THE PROBLEM: Write the lines out again, from the top of the material to the line containing "4. Using hose", pictures excluded.

DATA SECTION:
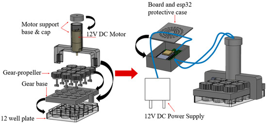 The prototype can be divided into two parts: the first part consists of the commercial well plate, the gear base, the gear-propellers and the motor support base and cap with the motor inside it, and the second part consists of the board and ESP32 protective case with the PCB inside it. These two parts are connected with two 1.5 m cables that connect the motor with the PCB. Since the parts are not screwed together with bolts, the device can be easily disassembled at any time, if any of the components needs replacing. The prototype has been designed to be dimensionally compatible with a CO2 incubator, facilitating its seamless integration into the laboratory setting. The cables of the power source pass through an opening of the CO2 incubator.
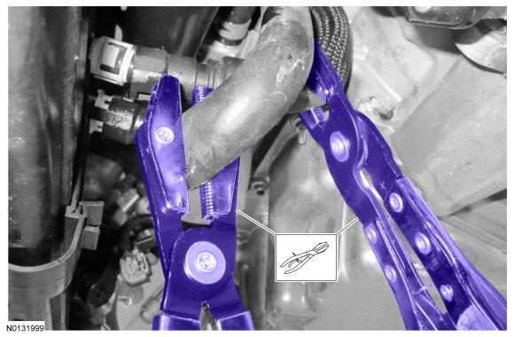 4. Using hose clamp pliers, clamp off the 2 oil cooler coolant hoses.
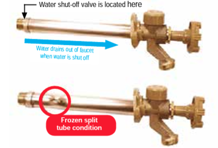 So, always remember to remove your hose before freezing weather, right? Well, yeah that is the best approach, but Woodford, a manufacturer of frost-free hose bibbs actually makes a version that has an integrated pressure relief valve (remember that pressure build up from freezing ice I talked about?) that is said to prevent rupture even when a hose is inadvertently left in place. You can even upgrade an existing Woodford model with this pressure relief valve without replacing the whole unit! We went from a time where we would have to "winterize" exterior faucets to now basically being fool-proof. What a time to be alive! The installation illustration above is from the Woodford website which I will also link to here, there is some good info: https://www.woodfordmfg.com/Woodford/
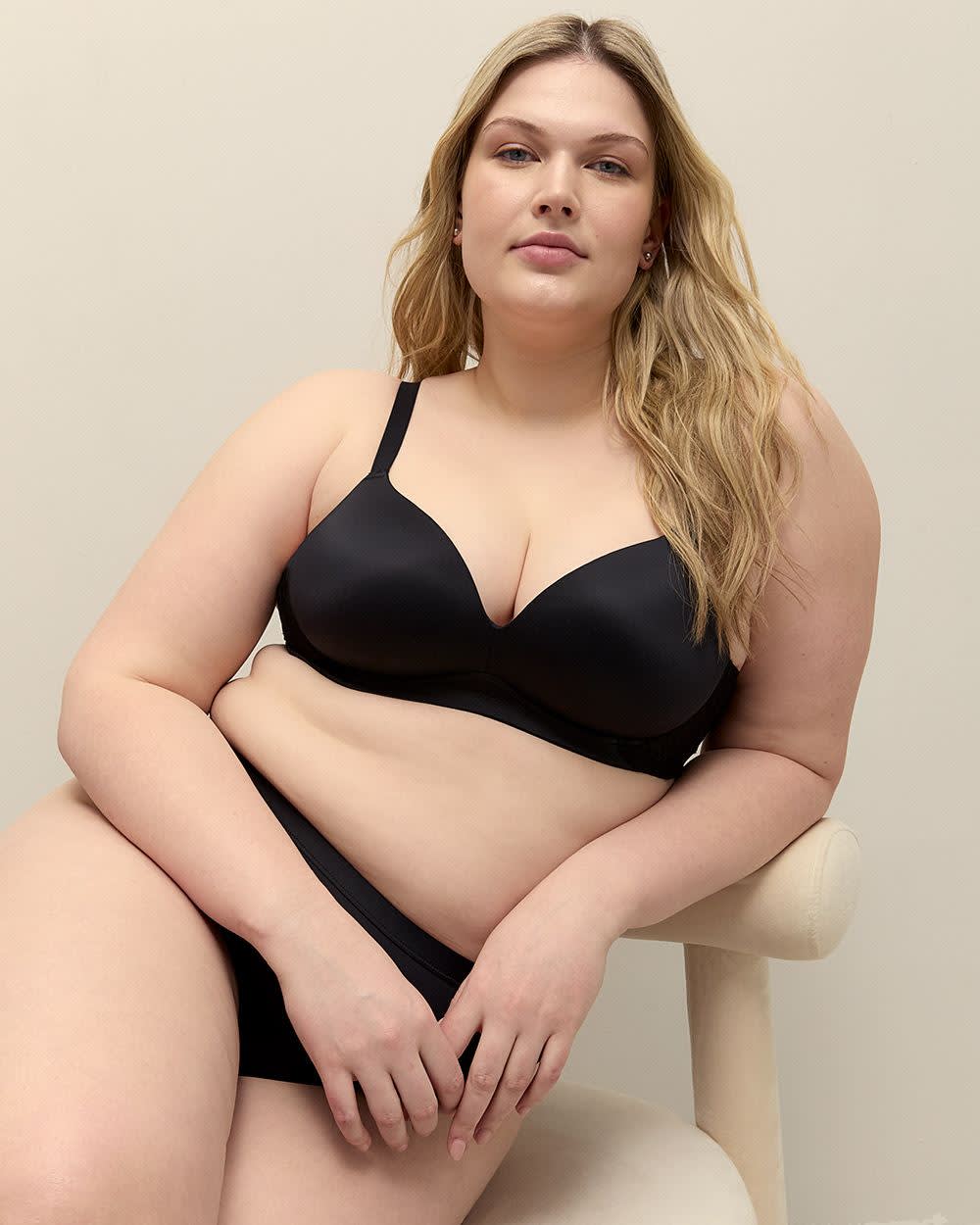 En plus de créer un sublime décolleté pigeonnant et d'offrir un support inégalé, ce soutien-gorge taille plus sans armatures Déesse est doté de maille extensible à l'aile arrière pour une touche de confort supplémentaire.

RESPONSE AREA:
 The prototype can be divided into two parts: the first part consists of the commercial well plate, the gear base, the gear-propellers and the motor support base and cap with the motor inside it, and the second part consists of the board and ESP32 protective case with the PCB inside it. These two parts are connected with two 1.5 m cables that connect the motor with the PCB. Since the parts are not screwed together with bolts, the device can be easily disassembled at any time, if any of the components needs replacing. The prototype has been designed to be dimensionally compatible with a CO2 incubator, facilitating its seamless integration into the laboratory setting. The cables of the power source pass through an opening of the CO2 incubator.
 4. Using hose clamp pliers, clamp off the 2 oil cooler coolant hoses.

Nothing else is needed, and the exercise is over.